Le coup d’État survenu le mois dernier en Guinée-Bissau, ainsi que la tentative de putsch déjouée le 7 décembre à Cotonou, ont occupé une place centrale dans les échanges. Ces événements, combinés à la persistance de la menace terroriste au Sahel et dans le golfe de Guinée, ont conduit les dirigeants à rappeler les principes fondateurs de la Cédéao en matière de gouvernance démocratique.
S’exprimant avec gravité, le président sierra-léonais Julius Maada Bio, également président en exercice de la Conférence des chefs d’État de la Cédéao, a insisté sur la nécessité de consolider une organisation désormais composée de 12 États membres, après le retrait du Mali, du Niger et du Burkina Faso. Une épreuve institutionnelle majeure pour une organisation régionale fragilisée en début d’année.
Sécurité et lutte contre le terrorisme
Pour Julius Maada Bio, l’intégration régionale ne peut se renforcer sans une réponse coordonnée et durable face au terrorisme. À ce titre, il a annoncé des avancées concrètes : « Nos ministres des Finances et de la Défense travaillent à un mécanisme de financement pérenne et se préparent à lancer une brigade antiterroriste de 1 650 hommes d’ici fin 2026. »
Le dirigeant a toutefois rappelé que la sécurité ne saurait être dissociée des enjeux de gouvernance, d’éducation et de création d’emplois, essentiels pour s’attaquer aux causes profondes de l’instabilité.
« Tolérance zéro » pour les putschs militaires
Malgré des sensibilités parfois divergentes, les chefs d’État se sont accordés sur un principe commun : le rejet total des coups d’État. Le président de la Commission de la Cédéao, Umar Alieu Turay, a martelé la doctrine de l’organisation: « Les coups d’État représentent un pas en arrière pour nos pays. Dans la Cédéao, il y a une tolérance zéro pour les changements anticonstitutionnels de gouvernement. »
Il a notamment salué la réactivité de l’organisation dans le dossier béninois, soulignant que l’intervention rapide du Nigeria à Cotonou n’avait suscité aucune contestation au sein de l’instance régionale.
Menaces de sanctions ciblées contre la junte de Bissau
En application de cette ligne dure, les dirigeants ouest-africains ont rejeté le programme de transition proposé par la junte au pouvoir en Guinée-Bissau. Ils ont exigé un retour rapide à l’ordre constitutionnel, à travers une transition courte, inclusive et représentative des forces politiques nationales.

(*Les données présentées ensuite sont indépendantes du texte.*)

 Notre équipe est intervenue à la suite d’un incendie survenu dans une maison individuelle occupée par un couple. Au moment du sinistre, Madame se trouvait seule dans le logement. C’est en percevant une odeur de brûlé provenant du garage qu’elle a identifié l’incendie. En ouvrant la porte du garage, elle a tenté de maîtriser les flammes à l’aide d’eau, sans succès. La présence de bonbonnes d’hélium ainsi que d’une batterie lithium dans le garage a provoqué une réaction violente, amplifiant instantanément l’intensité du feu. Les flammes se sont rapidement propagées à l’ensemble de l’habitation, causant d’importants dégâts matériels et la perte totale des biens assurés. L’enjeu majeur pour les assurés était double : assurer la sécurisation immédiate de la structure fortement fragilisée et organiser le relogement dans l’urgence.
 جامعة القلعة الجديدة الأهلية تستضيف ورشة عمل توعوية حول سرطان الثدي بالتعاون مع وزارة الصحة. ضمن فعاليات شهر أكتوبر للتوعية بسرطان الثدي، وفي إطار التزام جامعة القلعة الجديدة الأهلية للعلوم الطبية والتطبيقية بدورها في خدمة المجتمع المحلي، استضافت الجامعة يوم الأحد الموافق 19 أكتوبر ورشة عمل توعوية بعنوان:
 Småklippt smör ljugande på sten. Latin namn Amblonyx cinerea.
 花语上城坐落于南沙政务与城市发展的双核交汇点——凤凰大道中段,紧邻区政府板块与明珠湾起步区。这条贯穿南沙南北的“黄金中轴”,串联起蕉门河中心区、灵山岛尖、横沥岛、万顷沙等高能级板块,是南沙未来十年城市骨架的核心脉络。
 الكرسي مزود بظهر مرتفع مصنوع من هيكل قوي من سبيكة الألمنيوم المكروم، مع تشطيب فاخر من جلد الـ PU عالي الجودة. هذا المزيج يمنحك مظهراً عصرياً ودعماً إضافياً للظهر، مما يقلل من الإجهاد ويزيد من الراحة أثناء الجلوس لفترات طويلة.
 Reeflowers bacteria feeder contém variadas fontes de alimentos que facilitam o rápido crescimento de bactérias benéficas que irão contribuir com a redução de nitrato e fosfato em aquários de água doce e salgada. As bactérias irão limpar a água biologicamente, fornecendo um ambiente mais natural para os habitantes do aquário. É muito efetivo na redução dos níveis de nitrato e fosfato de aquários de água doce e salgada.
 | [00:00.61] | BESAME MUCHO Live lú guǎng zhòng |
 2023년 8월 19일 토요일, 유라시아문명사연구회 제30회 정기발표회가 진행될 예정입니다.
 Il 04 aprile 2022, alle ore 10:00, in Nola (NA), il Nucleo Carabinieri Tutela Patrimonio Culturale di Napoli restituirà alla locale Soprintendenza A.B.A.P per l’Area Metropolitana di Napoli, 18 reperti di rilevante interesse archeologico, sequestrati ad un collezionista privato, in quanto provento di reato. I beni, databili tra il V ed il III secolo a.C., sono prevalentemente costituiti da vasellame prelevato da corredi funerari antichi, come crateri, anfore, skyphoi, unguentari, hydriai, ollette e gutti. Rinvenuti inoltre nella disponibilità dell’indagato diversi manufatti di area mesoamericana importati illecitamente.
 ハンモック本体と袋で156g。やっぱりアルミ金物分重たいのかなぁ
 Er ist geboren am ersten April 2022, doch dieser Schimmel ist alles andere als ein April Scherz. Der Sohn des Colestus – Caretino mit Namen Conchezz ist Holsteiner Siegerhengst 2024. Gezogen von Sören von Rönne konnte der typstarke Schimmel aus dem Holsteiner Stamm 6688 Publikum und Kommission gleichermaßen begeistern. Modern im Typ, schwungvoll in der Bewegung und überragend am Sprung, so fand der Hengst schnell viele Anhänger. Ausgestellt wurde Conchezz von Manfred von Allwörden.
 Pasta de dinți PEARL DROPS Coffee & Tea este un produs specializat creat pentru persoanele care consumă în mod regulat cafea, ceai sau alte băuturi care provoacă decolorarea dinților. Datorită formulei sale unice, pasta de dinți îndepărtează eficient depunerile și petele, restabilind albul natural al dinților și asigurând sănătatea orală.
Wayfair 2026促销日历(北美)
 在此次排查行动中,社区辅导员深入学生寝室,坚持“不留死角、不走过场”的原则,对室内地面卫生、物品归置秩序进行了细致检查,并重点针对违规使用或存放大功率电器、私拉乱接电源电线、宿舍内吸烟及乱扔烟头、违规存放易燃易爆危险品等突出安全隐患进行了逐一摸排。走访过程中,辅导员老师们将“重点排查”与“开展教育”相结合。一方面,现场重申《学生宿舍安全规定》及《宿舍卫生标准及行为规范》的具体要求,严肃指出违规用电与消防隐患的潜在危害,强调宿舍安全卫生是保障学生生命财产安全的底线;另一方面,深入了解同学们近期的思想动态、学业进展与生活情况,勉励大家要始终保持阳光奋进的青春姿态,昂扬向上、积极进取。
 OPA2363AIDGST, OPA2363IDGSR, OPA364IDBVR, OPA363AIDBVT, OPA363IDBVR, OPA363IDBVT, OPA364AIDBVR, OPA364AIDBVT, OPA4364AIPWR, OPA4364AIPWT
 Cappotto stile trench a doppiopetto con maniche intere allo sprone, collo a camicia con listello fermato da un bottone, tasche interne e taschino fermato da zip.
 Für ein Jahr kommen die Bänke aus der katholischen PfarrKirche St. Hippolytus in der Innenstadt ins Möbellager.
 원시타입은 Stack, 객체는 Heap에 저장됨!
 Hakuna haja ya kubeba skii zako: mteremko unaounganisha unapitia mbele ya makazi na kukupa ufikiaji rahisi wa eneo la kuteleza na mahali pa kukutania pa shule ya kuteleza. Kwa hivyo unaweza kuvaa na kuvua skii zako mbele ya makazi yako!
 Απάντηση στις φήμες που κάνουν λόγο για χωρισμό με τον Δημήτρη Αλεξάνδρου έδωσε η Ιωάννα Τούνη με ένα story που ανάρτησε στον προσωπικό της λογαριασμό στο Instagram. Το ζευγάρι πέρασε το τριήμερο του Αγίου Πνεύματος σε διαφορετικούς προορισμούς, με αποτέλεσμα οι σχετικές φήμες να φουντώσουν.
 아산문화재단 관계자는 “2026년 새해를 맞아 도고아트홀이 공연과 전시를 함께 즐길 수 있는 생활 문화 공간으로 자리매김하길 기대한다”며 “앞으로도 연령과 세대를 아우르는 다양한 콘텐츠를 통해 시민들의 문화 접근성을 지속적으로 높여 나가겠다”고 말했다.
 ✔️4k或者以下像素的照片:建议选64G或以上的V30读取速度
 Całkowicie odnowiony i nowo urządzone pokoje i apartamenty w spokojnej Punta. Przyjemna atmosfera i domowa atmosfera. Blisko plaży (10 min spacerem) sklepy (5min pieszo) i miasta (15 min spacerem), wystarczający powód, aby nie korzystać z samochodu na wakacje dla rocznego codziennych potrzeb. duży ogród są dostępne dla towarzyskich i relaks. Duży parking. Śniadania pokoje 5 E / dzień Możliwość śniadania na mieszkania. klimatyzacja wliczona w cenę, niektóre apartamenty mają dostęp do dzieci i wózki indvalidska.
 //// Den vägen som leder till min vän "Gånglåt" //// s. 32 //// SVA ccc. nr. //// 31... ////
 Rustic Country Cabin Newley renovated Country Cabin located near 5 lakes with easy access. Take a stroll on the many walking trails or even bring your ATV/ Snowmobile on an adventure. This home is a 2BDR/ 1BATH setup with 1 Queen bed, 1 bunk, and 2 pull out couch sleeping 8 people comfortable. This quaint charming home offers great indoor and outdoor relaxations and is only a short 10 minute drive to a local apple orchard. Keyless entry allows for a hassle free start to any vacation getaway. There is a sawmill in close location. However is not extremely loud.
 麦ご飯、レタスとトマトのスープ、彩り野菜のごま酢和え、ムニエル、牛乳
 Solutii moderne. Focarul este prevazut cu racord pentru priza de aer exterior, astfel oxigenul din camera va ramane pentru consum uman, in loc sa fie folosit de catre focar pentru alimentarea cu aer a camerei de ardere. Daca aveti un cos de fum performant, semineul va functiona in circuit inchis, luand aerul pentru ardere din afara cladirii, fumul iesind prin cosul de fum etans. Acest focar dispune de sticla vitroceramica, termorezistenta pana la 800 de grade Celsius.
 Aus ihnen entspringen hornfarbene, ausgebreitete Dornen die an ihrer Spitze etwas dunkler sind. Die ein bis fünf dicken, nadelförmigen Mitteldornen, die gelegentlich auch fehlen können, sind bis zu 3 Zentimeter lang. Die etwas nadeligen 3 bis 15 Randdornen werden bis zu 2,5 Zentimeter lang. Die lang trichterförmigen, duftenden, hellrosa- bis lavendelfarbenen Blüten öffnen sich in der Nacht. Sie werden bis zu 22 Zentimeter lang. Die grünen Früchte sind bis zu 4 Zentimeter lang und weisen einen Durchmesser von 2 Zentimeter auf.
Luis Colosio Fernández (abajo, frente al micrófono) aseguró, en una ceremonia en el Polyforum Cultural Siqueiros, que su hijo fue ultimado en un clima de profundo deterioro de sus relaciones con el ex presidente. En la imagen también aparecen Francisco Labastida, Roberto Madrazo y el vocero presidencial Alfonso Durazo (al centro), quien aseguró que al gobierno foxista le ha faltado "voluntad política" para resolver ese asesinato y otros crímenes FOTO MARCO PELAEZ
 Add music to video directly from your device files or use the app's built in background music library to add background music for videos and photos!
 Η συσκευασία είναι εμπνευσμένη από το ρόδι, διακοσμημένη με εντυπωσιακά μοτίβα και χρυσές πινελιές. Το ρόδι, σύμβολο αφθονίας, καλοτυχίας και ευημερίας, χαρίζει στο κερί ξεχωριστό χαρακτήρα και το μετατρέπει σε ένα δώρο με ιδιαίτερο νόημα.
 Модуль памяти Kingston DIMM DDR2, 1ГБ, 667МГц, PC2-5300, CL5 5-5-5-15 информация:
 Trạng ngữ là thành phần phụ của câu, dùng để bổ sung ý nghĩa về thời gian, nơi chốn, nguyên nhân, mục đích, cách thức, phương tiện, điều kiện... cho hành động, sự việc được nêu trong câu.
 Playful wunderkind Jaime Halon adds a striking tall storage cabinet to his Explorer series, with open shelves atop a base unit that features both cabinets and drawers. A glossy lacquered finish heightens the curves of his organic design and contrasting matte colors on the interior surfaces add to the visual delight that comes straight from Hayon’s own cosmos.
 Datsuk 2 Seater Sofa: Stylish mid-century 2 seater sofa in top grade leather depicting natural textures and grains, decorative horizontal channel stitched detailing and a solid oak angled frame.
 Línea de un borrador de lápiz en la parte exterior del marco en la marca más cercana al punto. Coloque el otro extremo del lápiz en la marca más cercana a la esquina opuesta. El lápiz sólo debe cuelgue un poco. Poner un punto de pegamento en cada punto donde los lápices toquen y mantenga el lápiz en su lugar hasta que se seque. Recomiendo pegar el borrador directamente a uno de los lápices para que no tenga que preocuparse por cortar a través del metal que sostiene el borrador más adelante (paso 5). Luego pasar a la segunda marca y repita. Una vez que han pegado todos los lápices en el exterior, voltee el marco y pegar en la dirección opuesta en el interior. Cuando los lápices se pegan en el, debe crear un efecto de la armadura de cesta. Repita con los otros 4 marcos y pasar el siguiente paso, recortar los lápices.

La libération immédiate des prisonniers politiques et des membres de la société civile détenus depuis l’interruption du processus électoral a également été réclamée. Si aucune sanction n’a été décidée à ce stade, la Cédéao n’exclut pas des mesures ciblées contre les acteurs qui entraveraient la mise en œuvre de ses recommandations. Une mission de haut niveau est attendue prochainement à Bissau pour dialoguer avec les autorités de fait.
Cap sur l’intégration économique et la monnaie unique
En conclusion du sommet, Julius Maada Bio a appelé à transformer la Cédéao en un espace d’opportunités plutôt que de crises. Dans cette optique, les dirigeants ont réaffirmé leur ambition de lancer une monnaie unique à l’horizon 2027.
Le Sénégal jouera un rôle clé dans cette perspective, puisqu’un ressortissant sénégalais prendra, dès juillet prochain, la présidence de la Commission de la Cédéao. Le président Bassirou Diomaye Faye devrait annoncer son choix dans les mois à venir, dans un contexte régional marqué par de lourds défis sécuritaires et politiques.